Before the middle-eastern villain can spray the crowd with bullets, Team America magnanimously saves the day. A roaring fleet of star-spangled aircraft descends on Paris and unloads its precious cargo of blue-eyed Power Rangers. “Hey terrorist,” yells Lisa, the female lead, “Terrorize this!” Dialogue could not be more refreshingly lame, an example of the ways in which “Team America” soars.
Parker and Stone create something completely novel and ridiculous by recycling the laughable cliches of the action movie genre. Their film is essentially a sarcastic buffet of bad plots, action sequence, and sly political commentary.
For example, in a scene set in the neon wasteland of Time Square, a Broadway actor belts out “Everyone Has AIDS” in the show “Lease.” Known for his unparalleled acting skills, Gary is recruited to the team to work undercover as an evil terrorist. In their secret lair, somewhere in the bowels of Mount Rushmore, Gary decides to use his prodigious talent for the benefit of the world (or rather, America.)
Besides the bombastic flag-waving heroes of Team America, the film provides many other outlets for hilarity. There’s Kim Jong Il, who has a penchant for scary home-video-like political messages and Duran-Duran-inspired fashion. Parker and Stone ruthlessly exaggerate his already insane personality: With a butchered accent and a nasally pitch, Kim prances around his North Korean palace while using the Arab terrorists as pawns in his game of war (perhaps “America” borrows the logic of President Bush.)
Frustrated at the incompetence of his peers, Jong Il wanders his palace in sumptuous self-reflection, crooning “I So Ronrey.” Parker and Stone, borrowing from James Bond movies, portray the bizarre ruler as an eccentric bad guy, complete with a tank of man-eating sharks who happily consume weapons inspector Hans Blix.
Branching out from the “Daka-laka-laka” Arab schtick, which gets old quickly, Parker and Stone harvest more international stereotypes for the audience to savor. After the team botches their intelligence mission in Cairo, the terrorists successfully bomb the Panama Canal and flood the city. In one of the comic highlights of the film, a confused Panamanian, embroiled in the calamity of the deluge, clutches his truck and screams “No me gusta!”
Parker and Stone know how to raise the offensiveness of their stereotypes to a concert pitch, though everything remains in good fun. However, despite its efforts to deride America’s Saturday-morning-cartoon foreign policy, the movie manages to omit the one person you’d expect to see. In the midst of the hilarious songs and graphic sex scenes, one wonders, where’s Bush? In fact, despite its growing infamy, “Team America” manages to be shockingly moderate. After lampooning patriotic country music anthems and the corpulent Michael Moore, the president’s immunity from flippant mockery is a true surprise.

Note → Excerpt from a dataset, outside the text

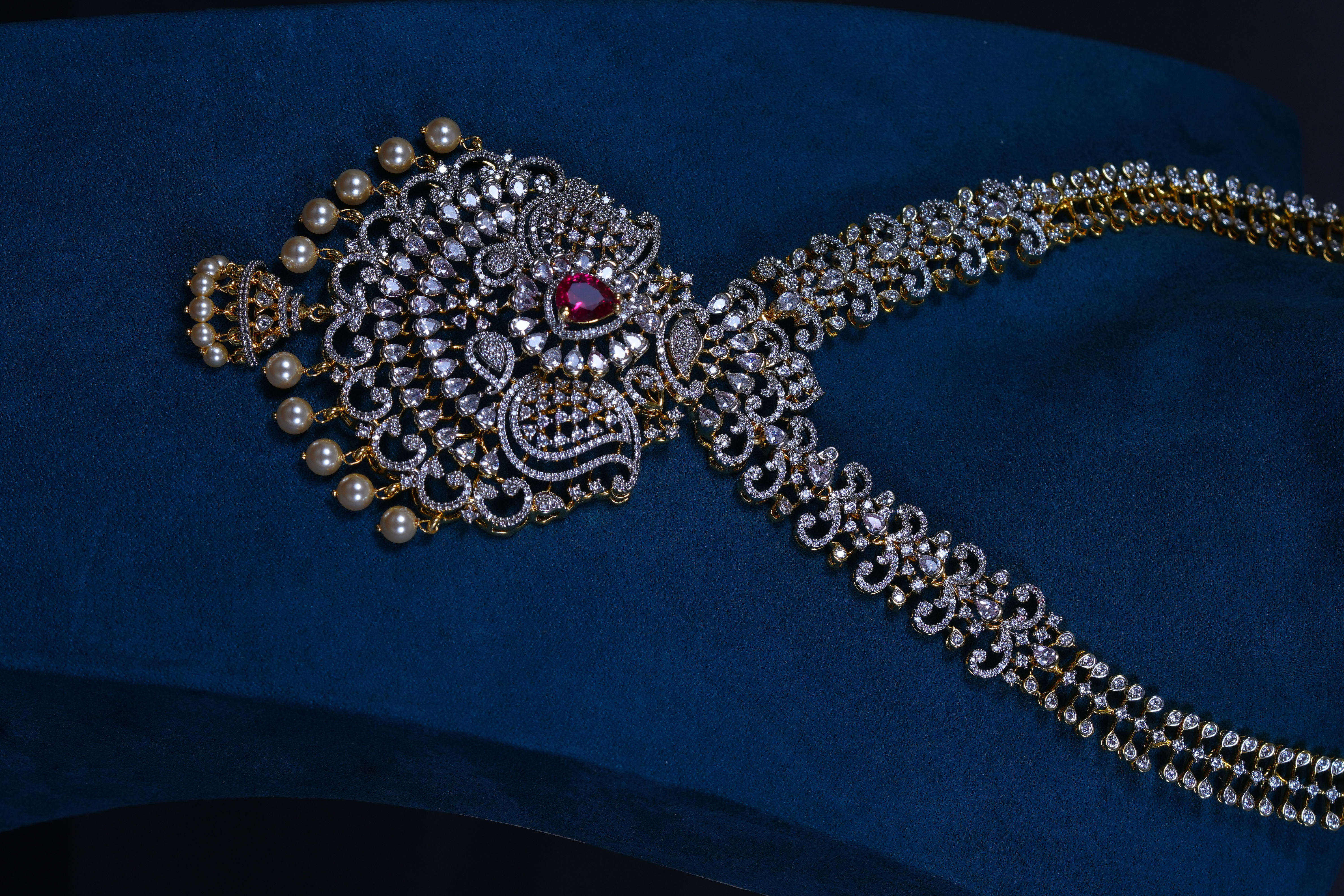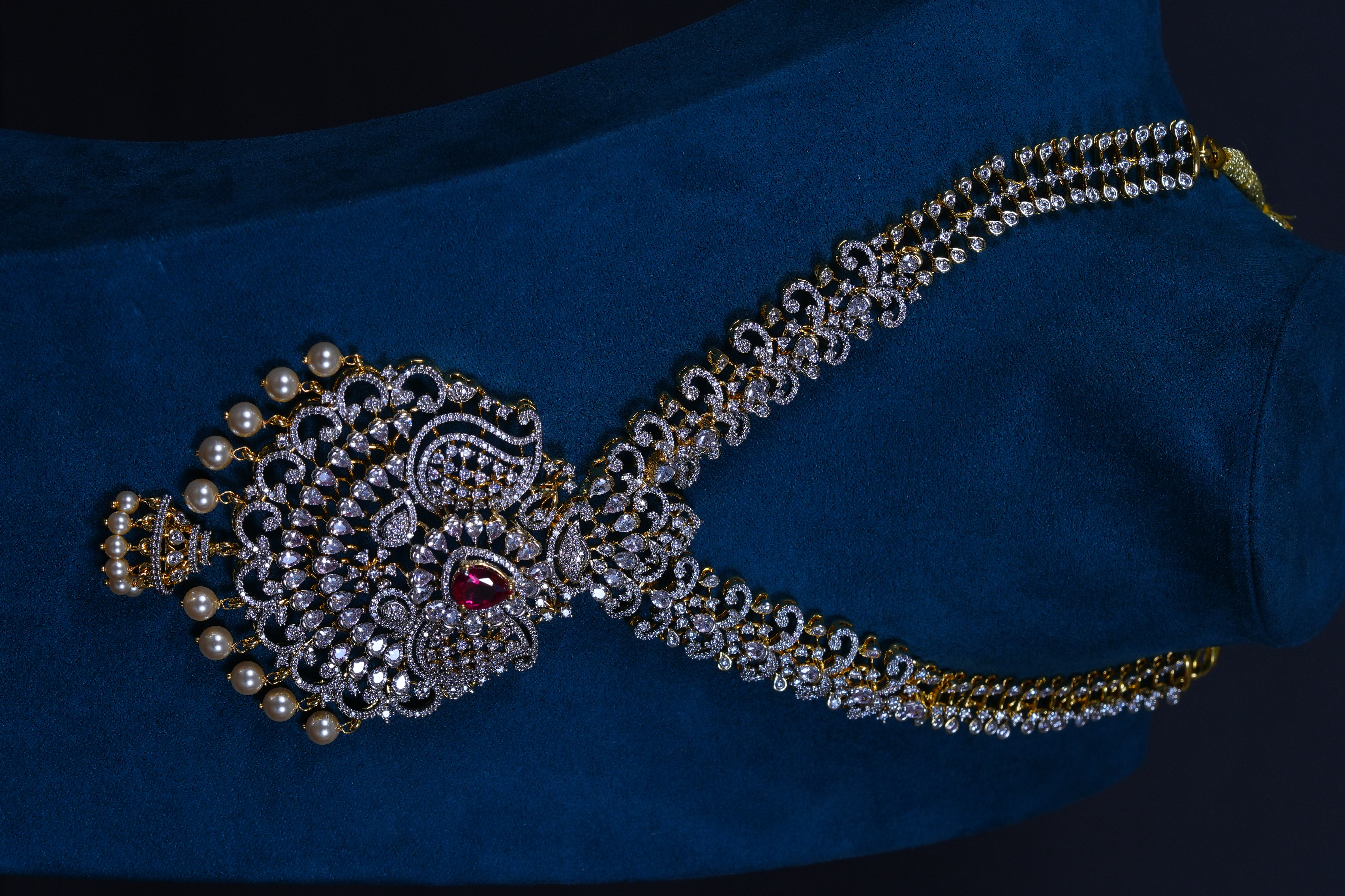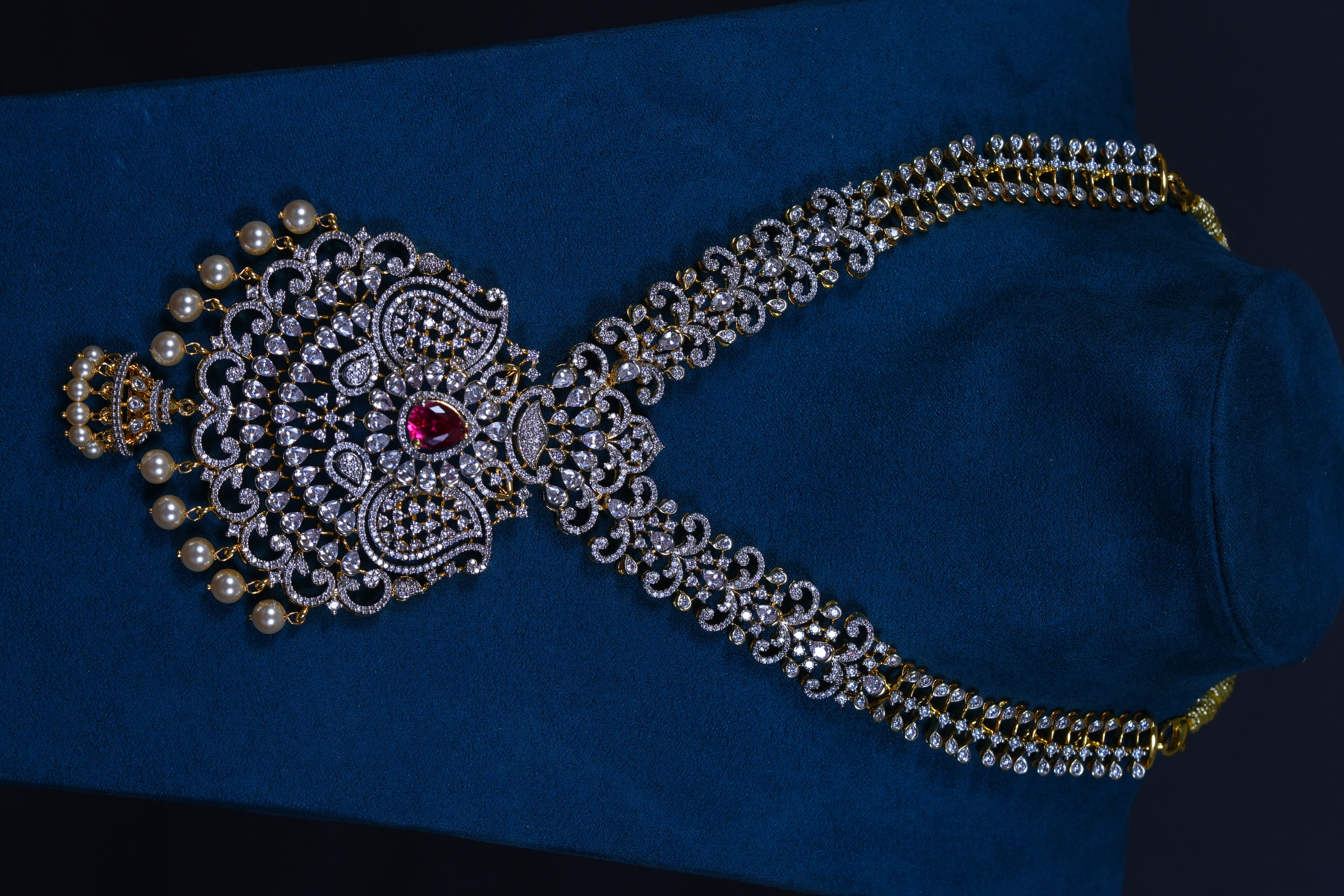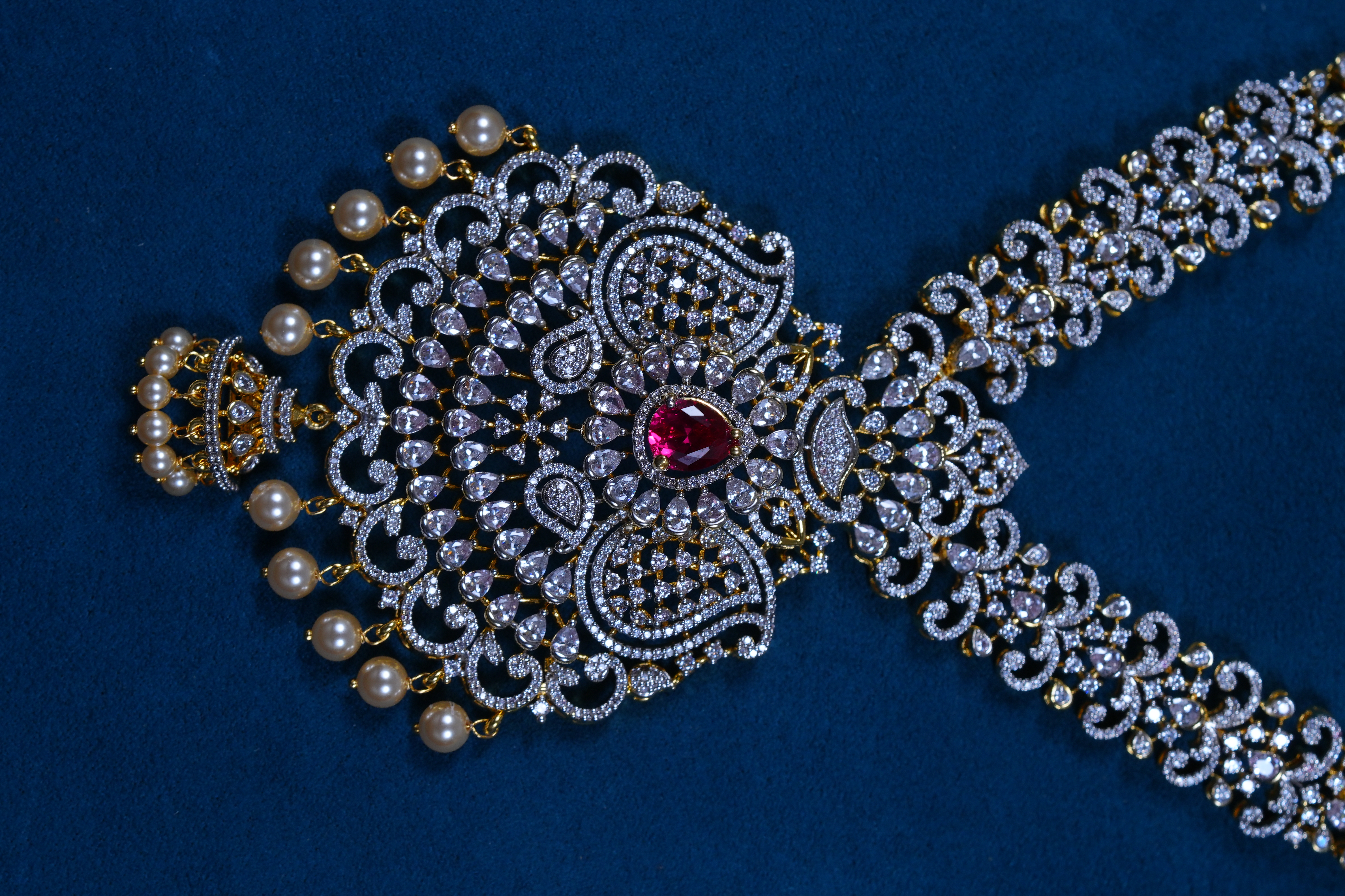 Royal Ruby AD stones long haram set crafted in 92.5 sterling silver. A grand bridal statement featuring radiant American Diamond sparkle with rich ruby accents.

But despite that absence, the movie showcases a plethora of amusing idiots by exploiting one of America’s few liberal bastions: Hollywood. Celebrities such as Tim Robbins and Janeane Garafolo hose down the media with their trite opinions on how America should not intervene in Kim Jong Il’s conflict, which is not far from an equally-amusing reality. Parker and Stone obviously enjoy poking fun at the two, who are brought to a bloody demise by the heroic Team America. When else do you get the chance to see idealistic leftist Susan Sarandon obliterated by marionettes?
While the film is tremendously entertaining and manages to raise serious questions about America’s absurd foreign policy, the movie ultimately makes no profound political statements. But while the film’s deficit of political spin might come as a disappointment to some, it is a masterpiece of bad cinema: the ultimate action film of cliches. Predictably, even in social satire, Parker and Stone are at their best when sophomoric and raunchy.